Tuesday, January 08, 2008

Gephyrophobia

B. and I both have this. Here's an article in today's New York Times. This picture looks like something out of my nightmares. It's the Sunshine Skyway Bridge, which traverses Tampa Bay. We drove across it once when I was a kid (the older version of it). I remember my mother being terrified.

From the article:

The Verrazano-Narrows bridge has been called a study in grace.

For Jan Steers, it was a study in terror.

Even thinking about driving across the 4,260-foot suspension span made her start to feel dizzy, made her heart race, her breath tightening into short rapid gasps. . . .

The Tappan Zee Bridge, rising more than 150 feet over the Hudson River, appears to inspire particular panic — so much so that New York State offers the skittish a chauffeur who will transport them across the span.

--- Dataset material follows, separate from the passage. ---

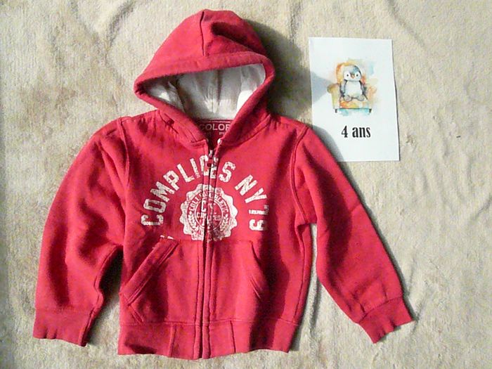 Veste zippée à capuche - taille 4 ans. Matière sweat. Avec 2 poches. Très bon état. N’hésitez pas à regarder mes autres annonces pour réduire les frais de port.

Similar rescue measures are provided in other places around the country with especially fearsome bridges. Authorities at the San Francisco-Oakland Bay Bridge, for example, will dispatch a tow truck to pull panic-stricken drivers to the other side. The Mackinac Bridge, connecting Michigan’s Lower and Upper Peninsulas, provides a transport service like the Tappan Zee’s. [See here also regarding the Chesapeake Bay Bridge.] Mrs. Steers’s phobia was so severe that she was virtually trapped on Staten Island for 13 years. She missed her brother’s wedding in Brooklyn. She sent her husband and two children off on family vacations without her. She had never seen her sister’s house at the Jersey Shore. . . .

On Sept. 20, Mrs. Steers took a small dose of Ativan, a tranquilizer, and got in the car with Mrs. Guardino, who was the driver, and a nurse. She was armed with a video recorder to tape her ride. “I went off Staten Island for the first time in 13 years, and I did O.K.,” she said. . . .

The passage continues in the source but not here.